Pool Corporation
- Trade name: POOLCORP
- Type: Public
- Traded as: Nasdaq: POOL; S&P 600 component;
- Industry: Swimming pools
- Founded: 1980; 46 years ago in Metairie, Louisiana, U.S.
- Founder: Frank St. Romain
- Headquarters: Covington, Louisiana, U.S.,
- Key people: Peter D. Arvan, President and CEO John E. Stokely, Chairman Melanie M. Housey Hart, CFO
- Revenue: US$5.541 billion (2023);
- Operating income: US$746 million (2023);
- Net income: US$523 million (2023);
- Total assets: US$3.428 billion (2023);
- Total equity: US$1.312 billion (2023);
- Owner: Berkshire Hathaway (1%)
- Number of employees: Approximately 6,000 (2023)
- Website: www.poolcorp.com

= Pool Corporation =

American consumer products company

Pool Corporation, doing business as POOLCORP, is the largest distributor of supplies, equipment, and machinery for swimming pools worldwide. The company is organized in Delaware and headquartered in Covington, Louisiana. It serves approximately 125,000 customers and operates 439 sales centers in North America, Europe and Australia. The company receives over half of its revenue from the California, Texas, Florida, and Arizona markets and has benefited from population shifts to warmer climates. In 2023, the company received 62% of its revenue from maintenance and minor repair products, 24% of its revenue from products used in pool renovations, and 14% of its revenue from products used in pool construction.

==History==
Pool Corporation was founded in 1980 as South Central Pool Supply by Frank J. St. Romain.

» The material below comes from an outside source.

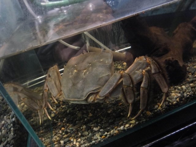 大きなモクズガニ。普段は川で暮らしているけど、繁殖するために海に下る習性があるそう。産卵のために川に戻るサケとは逆です。ちなみに繁殖の際、オスは繁殖可能なメスを識別することができないらしく、オスや別のカニに抱きついてしまうことも多いらしい。

In 1993, the company was purchased by Code Hennessey's & Simmons. In 1995, the company was renamed SCP Pool Corporation and became a public company via an initial public offering. The company was renamed Pool Corporation on May 16, 2006.

In 1999, the company acquired Benson Pump Company, Pratts Plastics Limited, certain assets of Garden Leisure Products, and Jean Albouy, S.A. for a total of $25.5 million.

The company's business improved significantly during the COVID-19 lockdowns due to an increase in pool construction. However, sales slowed when the lockdowns ended.

In 2021, the company acquired Porpoise Pool & Patio, the largest franchisor of pool and outdoor living stores in the U.S.

On October 28, 2025, POOLCORP rang the Opening Bell at Nasdaq MarketSite in Times Square, celebrating its 30th anniversary as a publicly traded company.

On May 4, 2026, POOLCORP announced that John B. Watwood had been appointed President and Chief Executive Officer, succeeding Peter D. Arvan. John E. Stokely was simultaneously named Executive Chair of the Board.

==Controversies==
In 2011, the company was accused by the Federal Trade Commission of antitrust practices by pressuring its suppliers to not conduct business with its competitors. In January 2012, the company settled with a consent order which prohibited the company from continuing the practice.